Voici donc qui devrait mettre un terme à cette altercation, ce d’autant que l’écrivain restera à son poste de chroniqueuse d’ONPC.
L’actualité de ce dimanche 1er octobre, à l’aube duquel a été diffusée l’émission qui a vu ces deux femmes aux prises l’une avec l’autre, en aura vu deux autres attaquées à l’arme blanche sous les yeux d’autant de témoins qui se trouvaient sur les lieux du crime.
Fait divers ou pas, elles ont péri.
Prétendre que le geste d’un petit délinquant a été bien trop médiatisé, c’est accepter que la violence s’exerce sur la place publique sans mot dire.
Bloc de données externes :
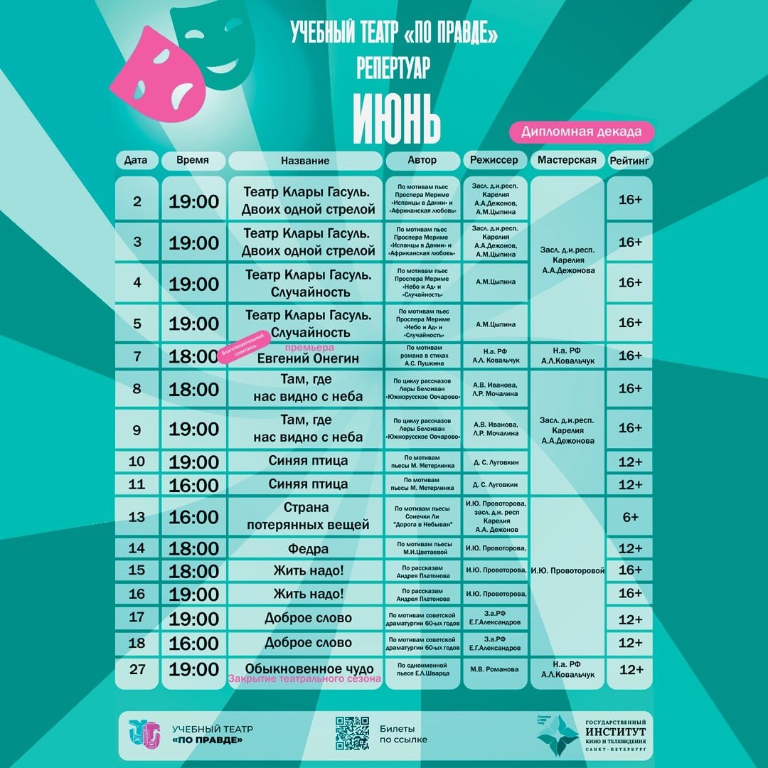 РЕПЕРТУАР Учебного театра на ИЮНЬ! 🎭 Учебный театр встречает лето яркими премьерами и любимыми постановками! 📌«Театр Клары Гасудь. Двоих одной стрелой» 16+, мастерская Андрея Дежонова 2 июня в 19:00 🎟 https://info.gikit.ru/afisha/teatrklarigasuldvoihodnoistreloi 📌«Театр Клары Гасудь. Двоих одной стрелой» 16+, мастерская Андрея Дежонова 3 июня в 19:00 🎟 https://info.gikit.ru/afisha/teatrklarigasuldvoihodnoistreloi 📌«Театр Клары Гасудь. Случайность» 16+, мастерская Андрея Дежонова 4 июня в 19:00 🎟 https://info.gikit.ru/afisha/teatrklarigasulsluchinost 📌«Театр Клары Гасудь. Случайность» 16+, мастерская Андрея Дежонова 5 июня в 19:00 🎟 https://info.gikit.ru/afisha/teatrklarigasulsluchinost 📌«Евгений Онегин» 16+, мастерская Анны Ковальчук, ПРЕМЬЕРА 7 июня в 18:00 🎟 https://info.gikit.ru/afisha/evgeniyonegin 📌«Там, где нас видно с неба» 16+, мастерская Андрея Дежонова 8 июня в 18:00 🎟 https://info.gikit.ru/afisha/tamgdenasnevidnosneba 📌«Там, где нас видно с неба» 16+, м

Aussi, rien de ces deux événements ne relève-t-il du buzz médiatique. Car si le premier a pu susciter débats et réflexions, le second, pour sa part, ne présage rien qui vaille.
Des experts, les médias en convient souvent pour commenter l’actualité.
On l’a vu, on le verra sans doute encore avec la Russie, en général, ils livrent à peu près tous la même analyse, ce qui fait sans doute d’eux, de véritables connaisseurs de ce pays.
Les autres, autant les ignorer, ils sont dans la propagande sinon payés pour renvoyer l’écho du Kremlin.
Mais que penser de cet expert bien connu des rédactions, qui livre, ici, sa version de l’attaque de la Gare Saint-Charles à Marseille? Le voici qui, en effet, ne voit dans l’attaque de deux femmes, qu’un fait divers.
De la décapitation de cet homme, en Isère, de la décapitation du Père Hamel, rien à dire sans doute non plus sinon que, ma foi, ces choses-là arrivent…
Que ne ferait-on sans autant de spécialistes qui, tel Mathieu Guidère, viennent nous rassurer et nous recommander de ne pas craindre une lame de couteau!